Pubblicato da Maria Panariello
il 14/10/2025
Ci avevano detto che il caporalato in Lombardia non esiste. Anzi, che il caporalato a Mantova non esiste.
Ci avevano accusato di “falsità” e pressappocaggine, dopo che avevamo ricostruito il meccanismo delle cooperative senza terra nel mantovano che lavorano nella filiera dei meloni, delle insalate in busta e dei macelli, nel report “Cibo e sfruttamento. Made in Lombardia”, nel 2023. In quel report raccontavamo anche il sistema illecito gestito da imprenditori moldavi, che reclutavano lavoratori stranieri portandoli in Italia con passaporto rumeno tra Mantova, Sermide e Poggio Rusco.
Insieme all'associazione Lule, nel nostro report abbiamo raccolto la storia di Artiom e Amelia, la coppia che ha attraversato le regioni balcaniche, giunta in Italia con un passaporto rumeno.
Questa stessa storia oggi viene citata su tutti i giornali mantovani.
All’alba di oggi infatti, nella provincia di Mantova è scattata una vasta operazione delle forze dell’ordine. Sono state eseguite due ordinanze di custodia cautelare in carcere nei confronti di due imprenditori di origine moldava per favoreggiamento dell’immigrazione clandestina e di intermediazione illecita e sfruttamento del lavoro. Sarebbero coinvolti anche due imprenditori italiani, responsabili di reato di sfruttamento del lavoro per aver “utilizzato” la manodopera procurata dai due cittadini moldavi.
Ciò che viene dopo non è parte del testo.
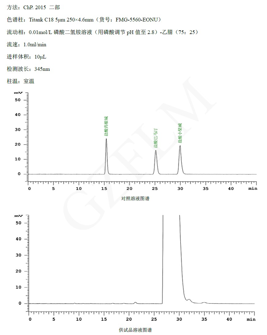 Titank C18有機(jī)硅膠雜化色譜柱,是在硅膠的硅氧網(wǎng)狀構(gòu)造中以更加穩(wěn)定的烷基來取代在堿性條件下不穩(wěn)定的硅氧橋連接,具有寬pH耐受范圍(1-12)、低背壓和100%水相穩(wěn)定的特點(diǎn),對于較大極性的物質(zhì)有很好的保留。下圖分別為幾種生物堿的分析、鹽酸小檗堿的有關(guān)物質(zhì)。
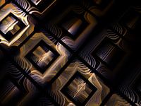 Dit digitale kunstwerk toont een abstracte compositie van geometrische vormen - voornamelijk vierkanten en rechthoeken - verbonden door fijne lijnen en golfachtige patronen. Het kleurenpalet is donker, met dominante gouden en paarse tinten die het beeld een nobele, bijna mystieke uitstraling geven. De lijnen lijken precies en tegelijkertijd organisch, waardoor een spannende balans ontstaat tussen structuur en beweging.
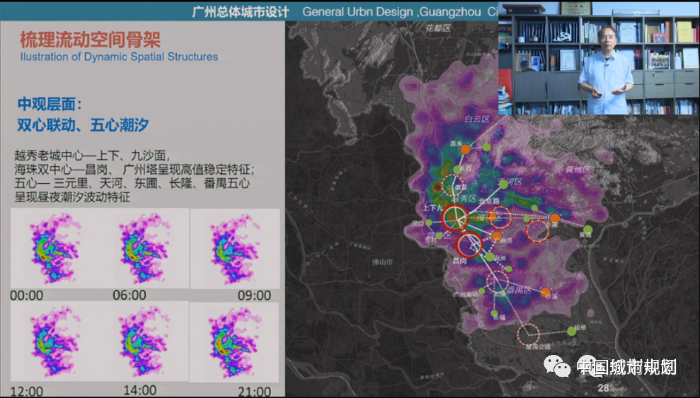 我们在做广州总体城市设计的时候对市域范围的手机信令LBS数据进行捕捉,可以看到城市中时间不同切片上潮汐流动的现象,包括逗留锚定的区域、热点区域等都能够划定识别出来。

L’indagine è iniziata nel luglio 2024, un anno dopo l’uscita del nostro report. I carabinieri hanno appurato che le due persone arrestate, dopo aver organizzato l’ingresso in Italia dei lavoratori, avevano il totale controllo sulla loro vita, dagli spostamenti al domicilio, visto che dimoravano, a pagamento, negli alloggi dei due cittadini moldavi.
A servirsene, sarebbero state due grosse aziende agricole della provincia di Mantova, che tenevano i lavoratori in condizioni “vessatorie”: in condizioni di sfruttamento attraverso il ricorso ad appalti fittizi, violando le norme igieniche sul luogo di lavoro, le norme contrattuali e le regole in materia di orario e sorveglianza. Le indagini hanno permesso di capire che ad ogni minima infrazione delle norme vessatorie imposte, scattava il licenziamento.
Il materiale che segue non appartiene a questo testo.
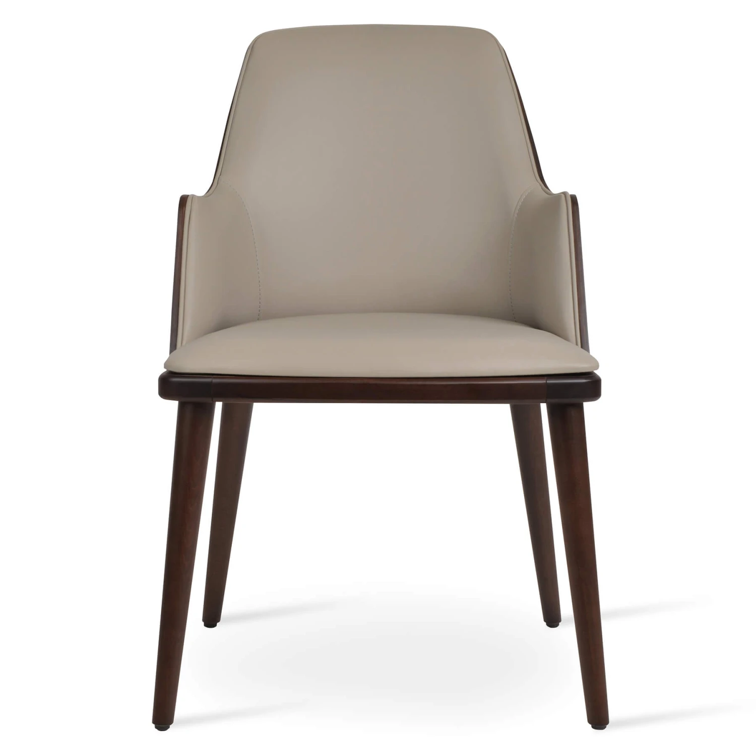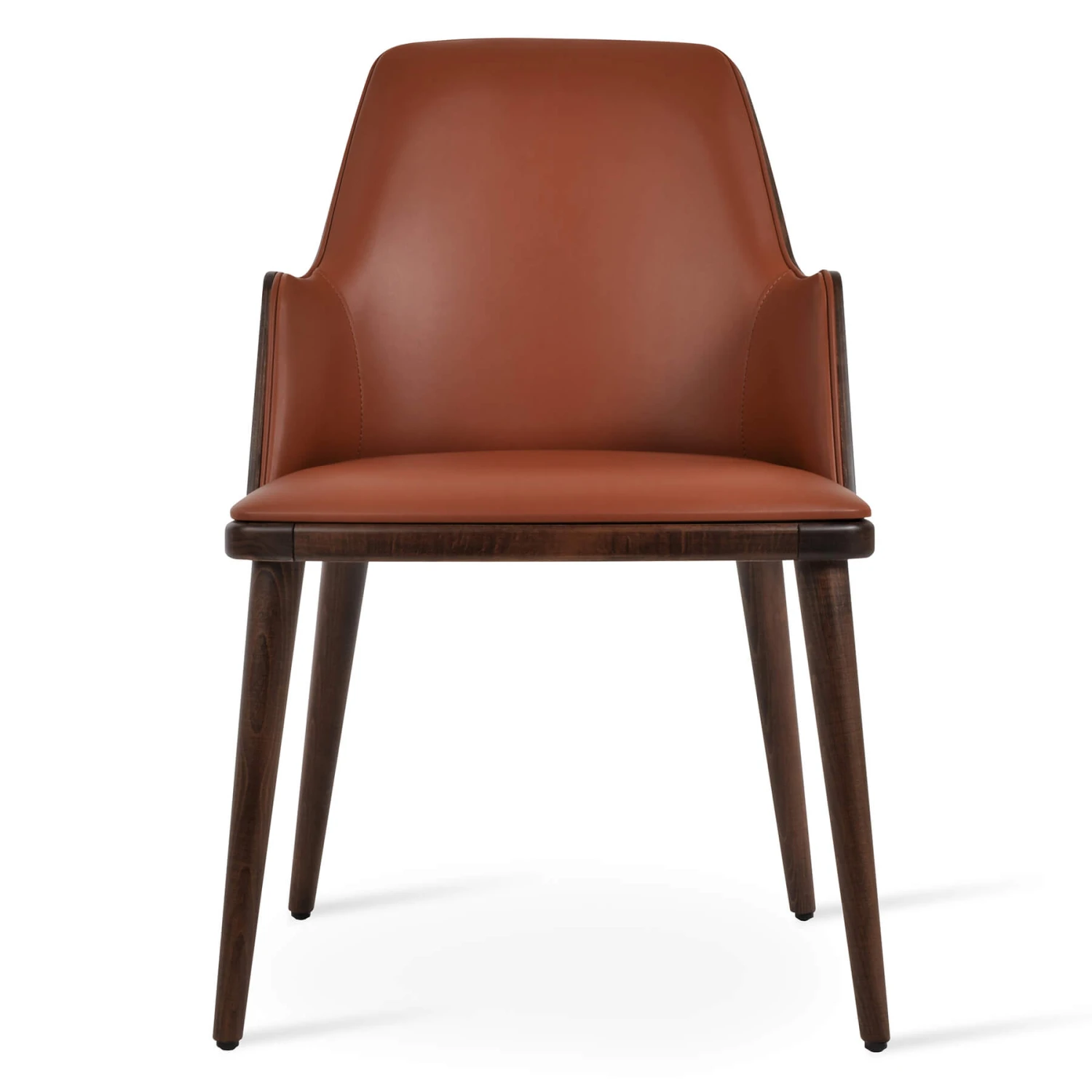 The Romano-W Armchair is a contemporary chair with a upholstered seat with an American plywood walnut veneer back. The legs are finished in solid beech walnut finish. Romano-w Armchair is suitable for both residential and commercial use. It’s available in three PPM leatherette colours.

Una notizia atroce, che non avremmo voluto mai raccontare, che però rafforza l’indagine e la denuncia che da anni portiamo avanti, nonostante i dinieghi e le accuse di falsità che abbiamo ricevuto. Nonostante le troppe frasi come "Qui non siamo a Rosarno" che abbiamo raccolto durante la nostra inchiesta.
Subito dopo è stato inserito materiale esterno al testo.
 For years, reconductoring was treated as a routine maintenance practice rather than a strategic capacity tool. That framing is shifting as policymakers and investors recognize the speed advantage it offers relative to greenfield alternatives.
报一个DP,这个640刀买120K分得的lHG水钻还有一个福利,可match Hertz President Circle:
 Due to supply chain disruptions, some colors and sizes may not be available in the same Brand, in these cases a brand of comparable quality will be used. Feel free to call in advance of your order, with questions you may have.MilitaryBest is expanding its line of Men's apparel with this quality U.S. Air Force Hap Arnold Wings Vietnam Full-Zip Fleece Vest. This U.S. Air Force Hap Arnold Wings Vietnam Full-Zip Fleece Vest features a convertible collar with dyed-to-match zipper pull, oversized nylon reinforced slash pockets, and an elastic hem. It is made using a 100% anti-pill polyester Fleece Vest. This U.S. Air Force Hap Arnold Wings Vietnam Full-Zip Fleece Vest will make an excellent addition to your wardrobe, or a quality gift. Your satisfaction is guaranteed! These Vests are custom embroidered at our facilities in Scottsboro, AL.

Non possiamo tollerare che i lavoratori agricoli vivano in queste condizioni. Non possiamo tollerare che l’agricoltura italiana soffra di sfruttamento e illeciti. Il contrasto al caporalato deve essere un’urgenza per la politica, tutta, di questo paese, specie se si vuole difendere a tutti i costi il "made in Italy" nel mondo.